In theory, ton-for-ton carbon mitigation provides a consistent metric for measuring climate impact: one ton of carbon avoided or removed for each ton emitted. It has come under scrutiny for misleading consumers with unclear claims and underdelivering on implied climate benefits.
Money-for-ton mitigation has its own strengths and weaknesses. The unit of measurement is money spent on climate action, not the impact of that spend. Thus it’s difficult to monitor and measure its real climate benefits.
But money-for-ton mitigation opens the door to a wider range of climate action opportunities, such as funding climate solutions in early stages of development that have uncertain outcomes but high potential payoffs. Money-for-ton mitigation funds can also support climate initiatives with long time horizons, such as education, policy advocacy or research, which can’t be measured against current emissions.
Spending the climate transition budget
The program’s carbon fees will ratchet up each year. The fee will start at $15 per ton of Scopes 1, 2, and 3 emissions in 2025 and increase to $21 by 2027. By the end of the year following certification, companies will have to spend their transition funds across two categories — abatement activities within and beyond their value chains.

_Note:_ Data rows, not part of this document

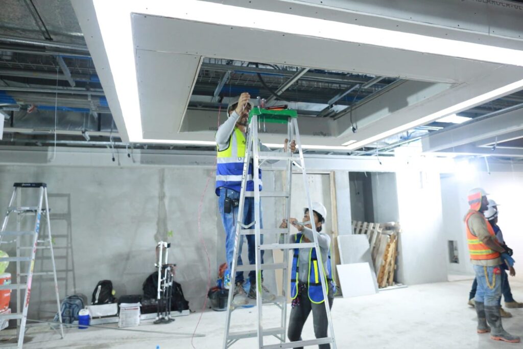 En el complejo de tres edificios de nueve niveles y uno de seis niveles, laboran 1,400 trabajadores de instalación y de obra civil, así como administrativos.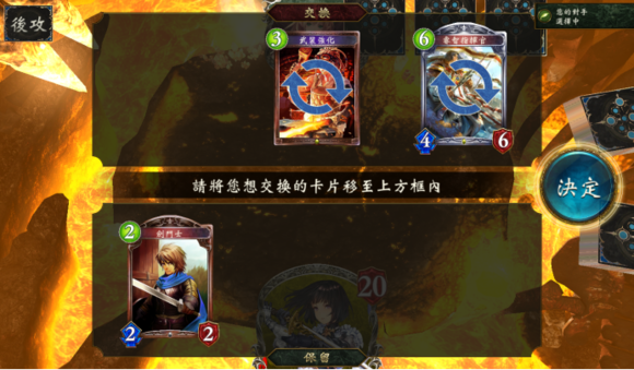 首先游戏会为玩家抽取3张卡牌,玩家可以选择其中任意数量卡牌退回卡组并重新抽取同等数量的卡牌。通常情况下为了开局能够立刻使用卡牌,会换走高消费的卡留下低消费的卡。
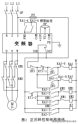 图2中电位器RP是频率给定元件;30B和30C是变频器的保护出口继电器触点。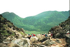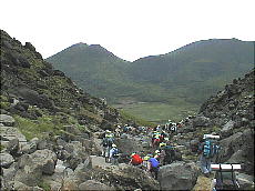 (左)(中)この岩の海を下りましたところが“坊がつる”“法華院温泉”です。前方の山の左が“平治岳”、右が“大船山”です。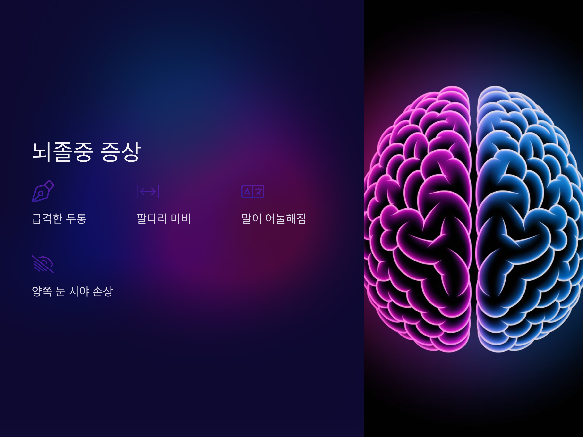 - 치료: 뇌졸중 발생 직후 즉각적인 치료가 필요, 혈전용해제, 수술 등이 필요할 수 있음.
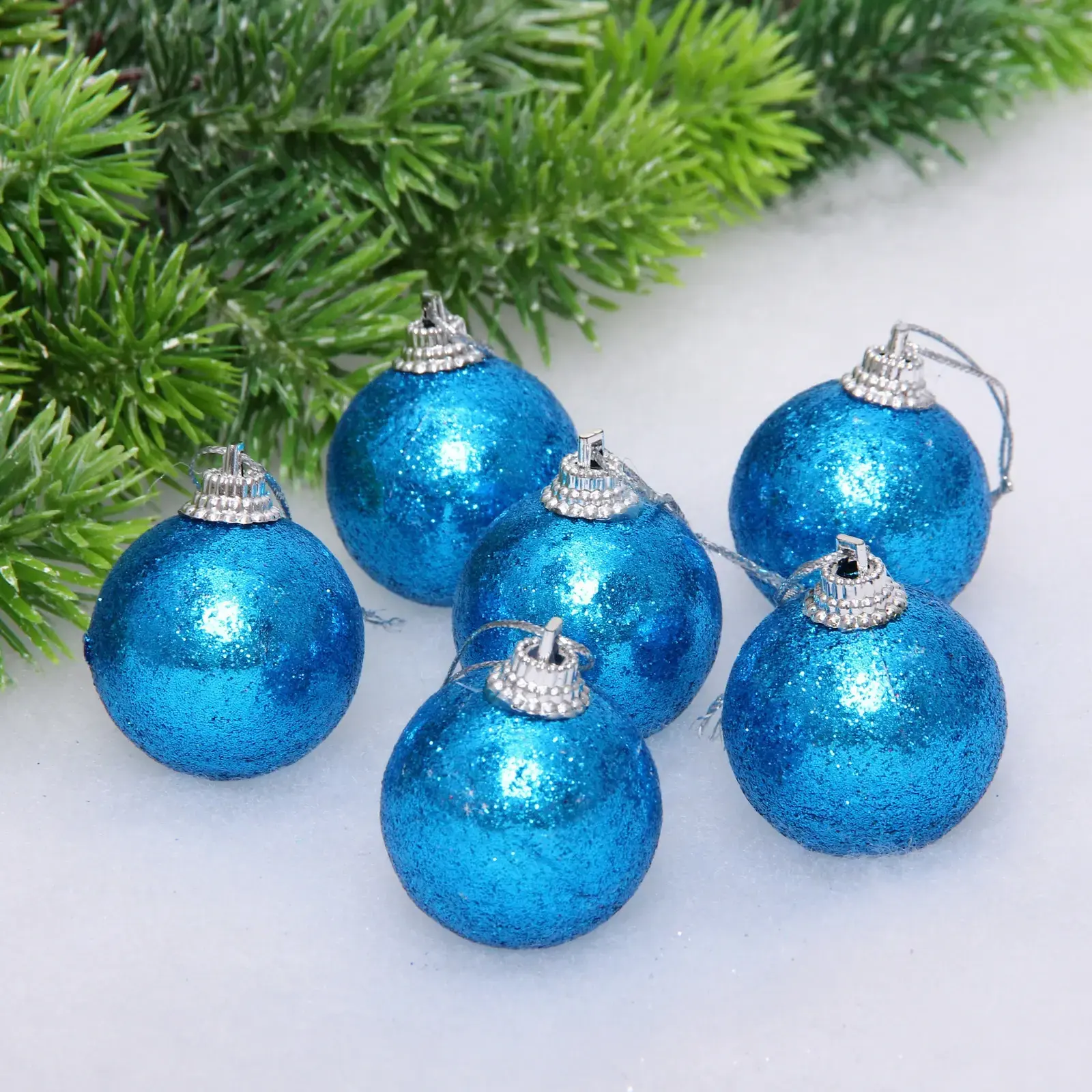 Новогодние шары 4 см (набор 6 шт) «Блестящее напыление», голубой, пластик, для елки и декорирования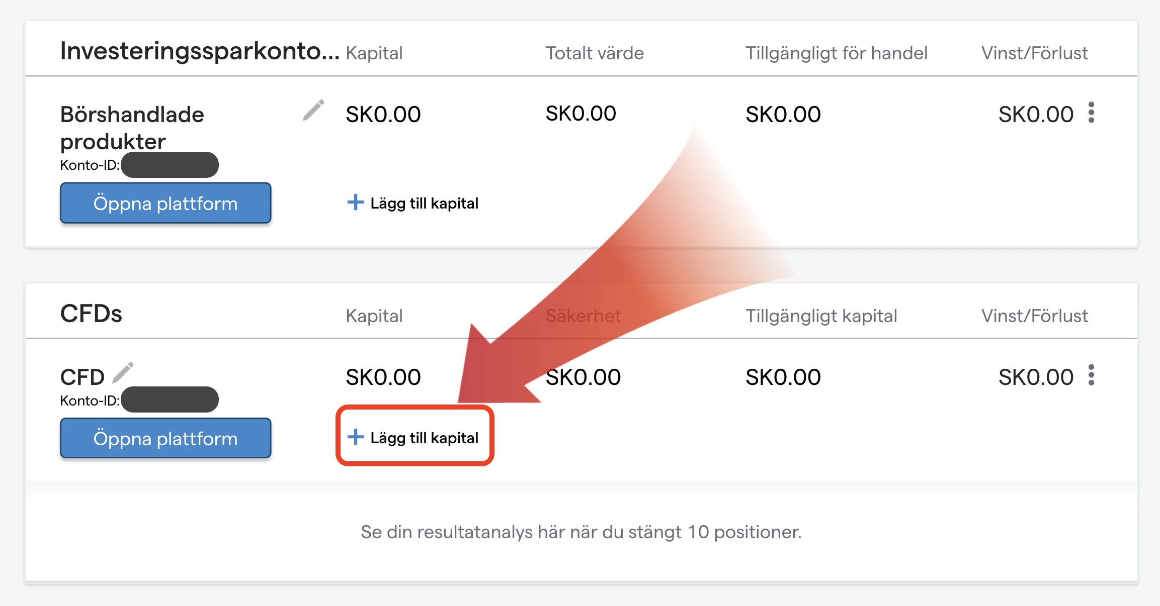 Logga in på IG och klicka på ”Dashboard” högst upp till vänster. Du ser nu aktiva konton hos mäklaren. Eftersom investering i Bitcoin sker via CFD behöver du överföra pengar till ditt CFD-konto. Klicka på ”Lägg till kapital” under ditt aktuella saldo.

“What I see as a really big unlock from the new certification is any certified brand has to go invest that budget in decarbonization solutions… We know that if brands want to achieve their reduction targets in the future, they need to be investing in solutions now,” said Gausewitz.
Value chain abatement
Companies must use at least 10 percent of their transition budgets toward value chain abatement. That can include purchasing lower-carbon electricity, fuels and materials, as well as carbon capture equipment. The label encourages brands to focus spending on reducing their biggest emission sources.
To participate in the program, companies must set near-term emission reduction targets, aiming for 50 percent reduction by 2030, and report on progress. But there’s no requirement to meet those targets to qualify for annual recertification. “Our view is it’s better to have companies at the table funding projects that are eligible for the standard,” said Change Climate Project CEO Austin Whitman. “It’s better to do that than have them not at the table.”
Beyond the value chain
Companies must spend the balance of their transition budgets on reducing emissions beyond their value chains. This can include purchase and retirement of carbon credits as well as policy advocacy, employee education and other initiatives.

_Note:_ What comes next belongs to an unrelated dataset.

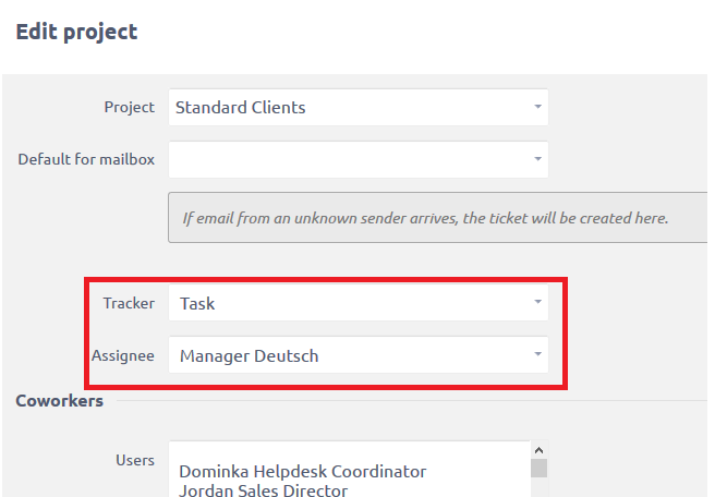 When using e-mail to control the Help desk, e-mail keywords overruled the default Helpdesk project settings (tracker, assignee).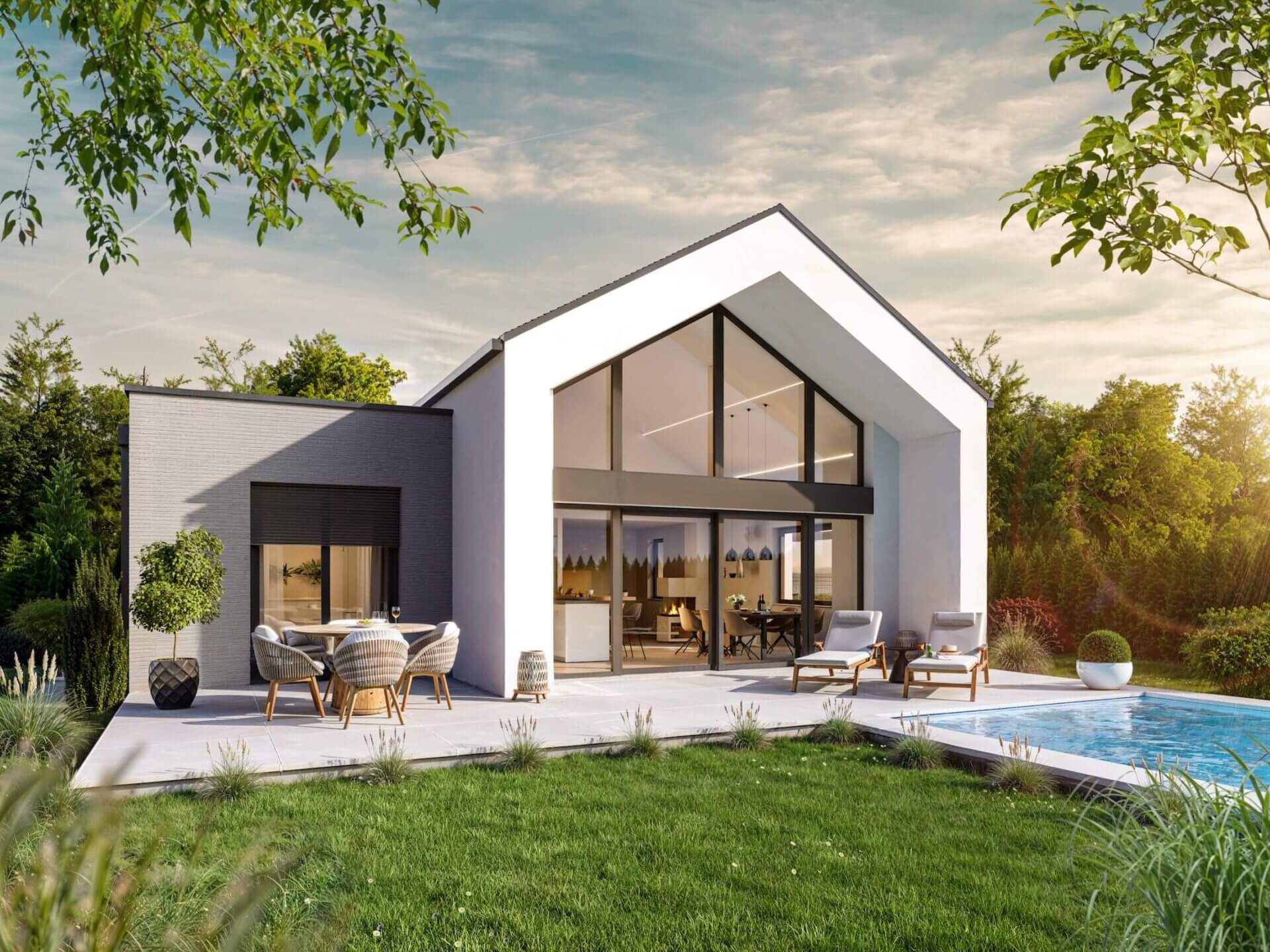 Vellaro ist ein zeitlos eleganter Satteldach-Bungalow, dessen großzügige Glasfront zum Garten echte Wow-Momente schafft. Der bis unter das Dach offene Wohnraum wirkt modern, leicht und sorgt für eine besondere Atmosphäre und ein einzigartig entspanntes Wohngefühl.

The Label includes detailed guidelines on what types of carbon credits qualify, and encourages participating brands to follow the Oxford Offsetting Principles.
Advancing net zero goals globally continues to be a critical part of REI’s climate strategy. Although it’s made steady progress toward its Science Based Targets initiative-approved net zero target, “one of the challenges of decarbonizing our business is that there haven’t been many readily available opportunities to go reduce our emissions immediately,” said Gausewitz.

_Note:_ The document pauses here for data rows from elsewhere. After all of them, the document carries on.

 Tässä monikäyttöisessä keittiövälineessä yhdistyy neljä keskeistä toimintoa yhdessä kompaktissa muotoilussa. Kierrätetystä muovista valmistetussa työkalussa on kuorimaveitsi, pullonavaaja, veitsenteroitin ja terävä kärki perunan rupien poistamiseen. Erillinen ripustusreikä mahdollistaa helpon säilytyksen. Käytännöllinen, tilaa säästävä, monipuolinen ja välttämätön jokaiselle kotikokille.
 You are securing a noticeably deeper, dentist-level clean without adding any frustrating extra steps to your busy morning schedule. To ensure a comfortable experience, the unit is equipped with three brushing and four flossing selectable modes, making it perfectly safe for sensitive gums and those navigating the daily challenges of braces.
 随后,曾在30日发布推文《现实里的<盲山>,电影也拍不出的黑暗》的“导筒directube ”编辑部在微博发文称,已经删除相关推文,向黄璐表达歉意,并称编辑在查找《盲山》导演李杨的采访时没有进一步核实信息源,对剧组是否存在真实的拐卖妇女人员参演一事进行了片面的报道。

To date, REI’s carbon credit strategy has centered on nature-based carbon removal projects, including restoration of outdoor spaces. The brand plans to use its transition funds to incorporate more low-carbon materials into its products and to create a more circular business model via its used gear offering.
Allbirds, Alter Eco, Klean Kanteen, MiiR, Nomadix and more than a dozen other consumer brands have also pledged to participate in The Climate Label program in 2025.
“The purpose and power of the label is not to try to define a single thing that all companies are going to be doing, but define at a higher level that companies are investing proportionate to their emissions,” said Whitman.